* **TO DO**
Return only the lines below starting at the line containing "Rob’s love of" and ending at the line containing "وقرر المصور البحث", both included, exactly as they are and with no pictures.

* **THE INPUT**
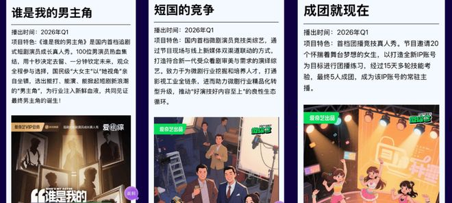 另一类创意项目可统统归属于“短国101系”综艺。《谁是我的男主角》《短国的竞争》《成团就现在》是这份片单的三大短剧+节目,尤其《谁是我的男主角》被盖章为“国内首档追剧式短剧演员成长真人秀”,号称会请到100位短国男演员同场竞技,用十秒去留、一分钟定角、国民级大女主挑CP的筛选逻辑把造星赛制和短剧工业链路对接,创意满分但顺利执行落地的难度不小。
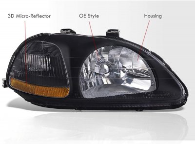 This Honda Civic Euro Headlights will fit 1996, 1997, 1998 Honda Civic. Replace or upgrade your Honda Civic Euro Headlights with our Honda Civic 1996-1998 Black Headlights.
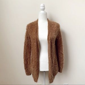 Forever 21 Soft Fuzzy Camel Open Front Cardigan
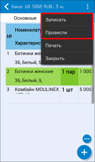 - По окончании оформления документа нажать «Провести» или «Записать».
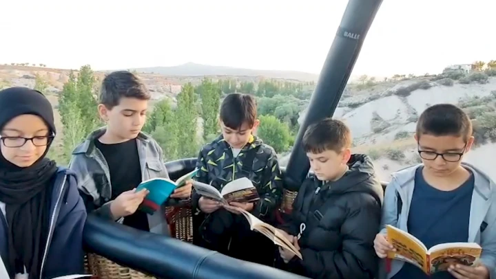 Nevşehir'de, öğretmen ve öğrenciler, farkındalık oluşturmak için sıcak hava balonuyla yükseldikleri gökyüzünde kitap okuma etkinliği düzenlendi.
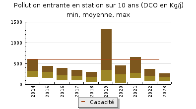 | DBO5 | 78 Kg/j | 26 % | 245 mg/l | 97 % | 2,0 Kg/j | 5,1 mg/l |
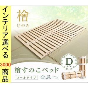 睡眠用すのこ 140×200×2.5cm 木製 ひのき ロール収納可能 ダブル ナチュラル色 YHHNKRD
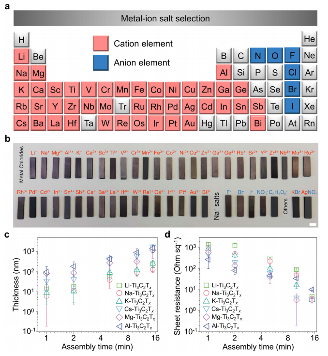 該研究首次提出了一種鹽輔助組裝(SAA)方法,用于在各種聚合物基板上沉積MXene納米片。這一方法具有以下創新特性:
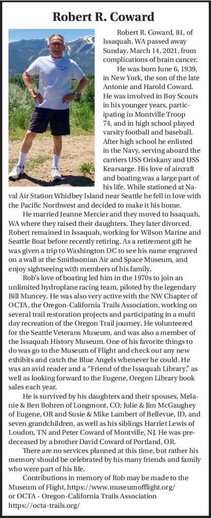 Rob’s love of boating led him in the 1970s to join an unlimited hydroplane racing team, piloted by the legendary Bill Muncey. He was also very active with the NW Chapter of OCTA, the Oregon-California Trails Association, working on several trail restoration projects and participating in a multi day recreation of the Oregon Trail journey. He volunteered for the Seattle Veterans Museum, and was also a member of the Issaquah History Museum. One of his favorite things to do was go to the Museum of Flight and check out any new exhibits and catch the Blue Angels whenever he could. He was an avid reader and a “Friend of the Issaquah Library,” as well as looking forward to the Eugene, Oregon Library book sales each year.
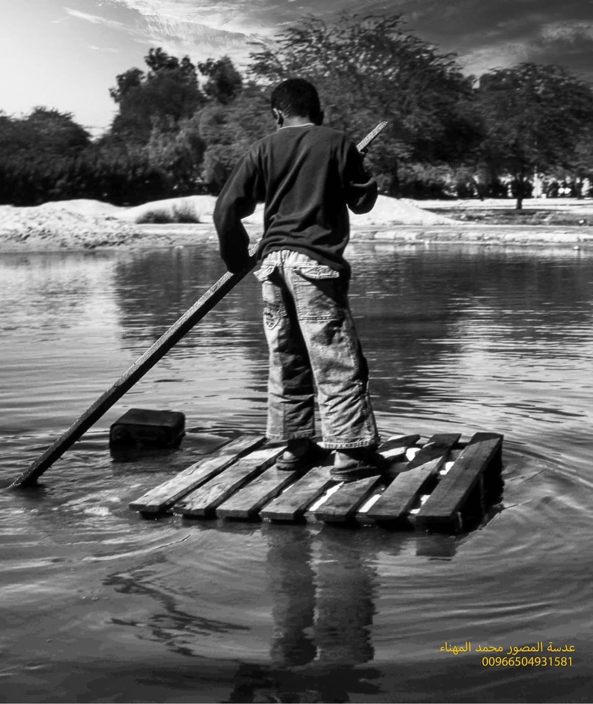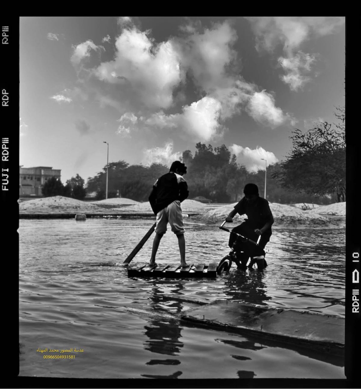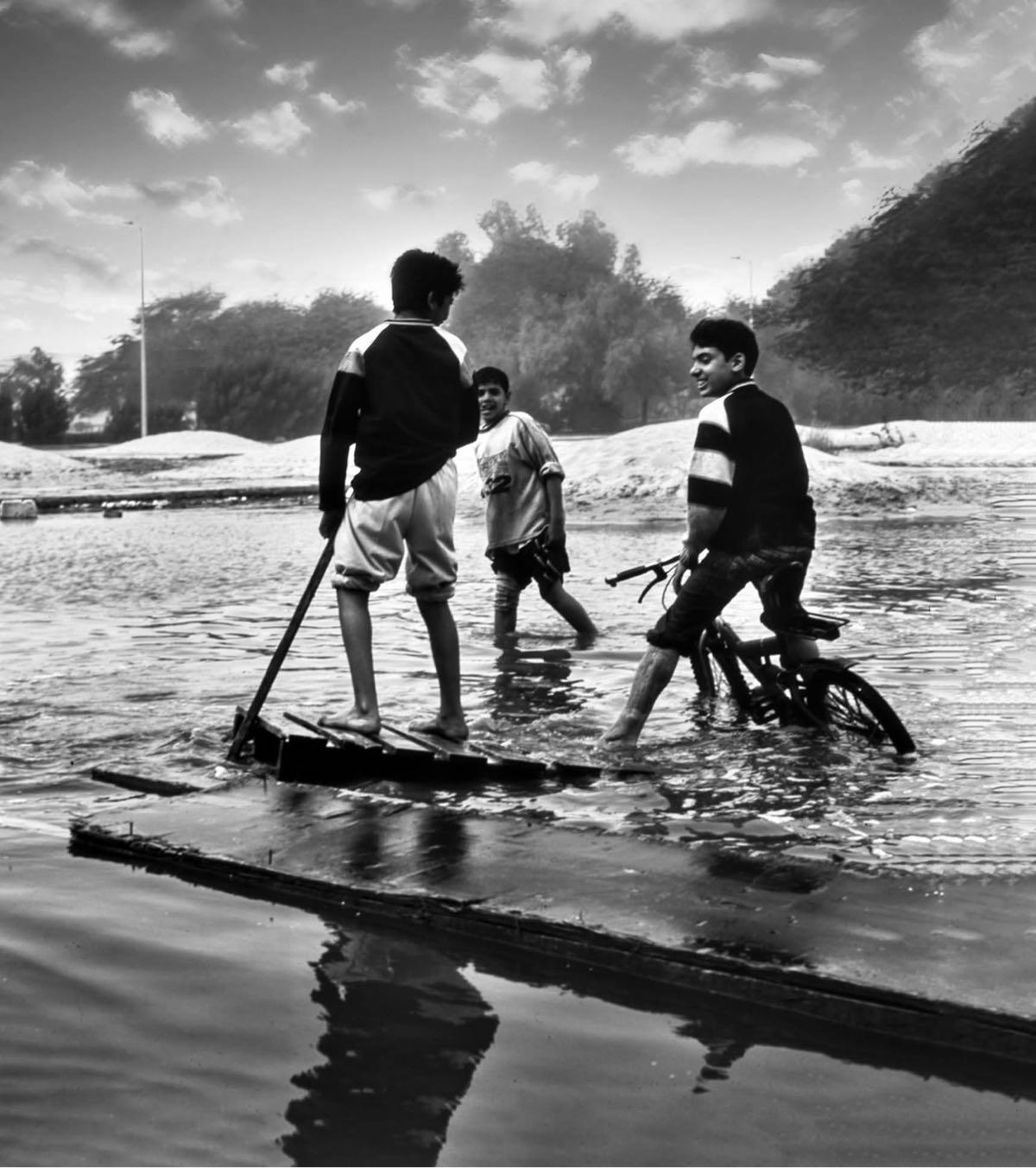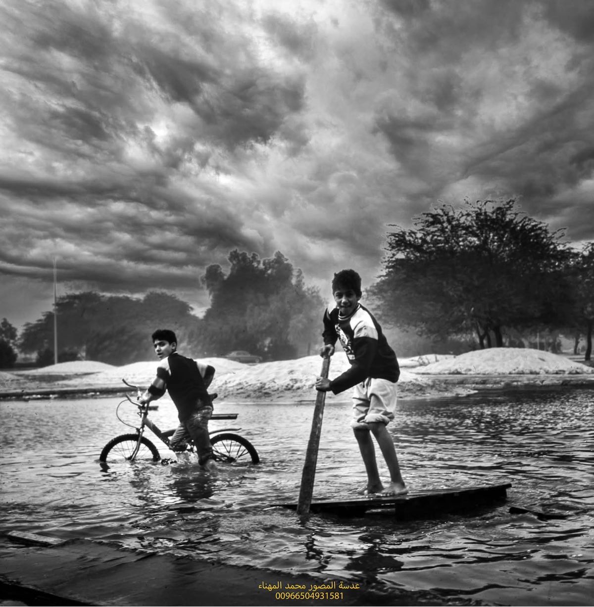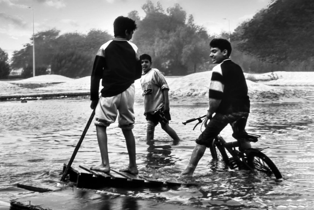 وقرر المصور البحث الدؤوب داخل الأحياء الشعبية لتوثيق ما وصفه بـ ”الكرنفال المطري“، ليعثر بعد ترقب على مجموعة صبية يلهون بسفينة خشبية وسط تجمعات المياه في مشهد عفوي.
--
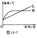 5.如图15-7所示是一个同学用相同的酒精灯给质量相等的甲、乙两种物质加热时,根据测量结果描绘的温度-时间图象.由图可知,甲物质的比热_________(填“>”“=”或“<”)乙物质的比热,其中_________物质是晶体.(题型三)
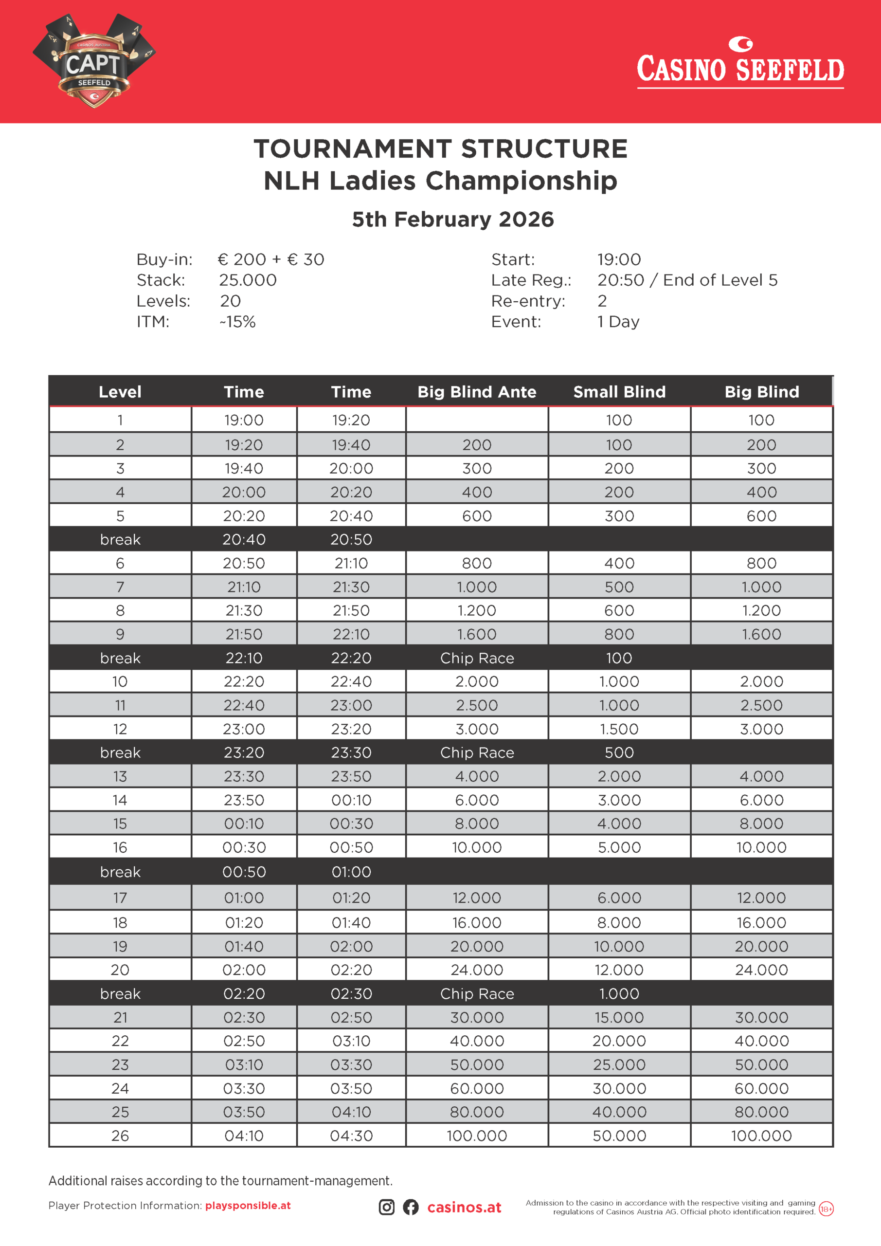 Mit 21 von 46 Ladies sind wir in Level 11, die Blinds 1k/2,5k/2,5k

* **EXERCISE SOLUTION**
 Rob’s love of boating led him in the 1970s to join an unlimited hydroplane racing team, piloted by the legendary Bill Muncey. He was also very active with the NW Chapter of OCTA, the Oregon-California Trails Association, working on several trail restoration projects and participating in a multi day recreation of the Oregon Trail journey. He volunteered for the Seattle Veterans Museum, and was also a member of the Issaquah History Museum. One of his favorite things to do was go to the Museum of Flight and check out any new exhibits and catch the Blue Angels whenever he could. He was an avid reader and a “Friend of the Issaquah Library,” as well as looking forward to the Eugene, Oregon Library book sales each year.
 وقرر المصور البحث الدؤوب داخل الأحياء الشعبية لتوثيق ما وصفه بـ ”الكرنفال المطري“، ليعثر بعد ترقب على مجموعة صبية يلهون بسفينة خشبية وسط تجمعات المياه في مشهد عفوي.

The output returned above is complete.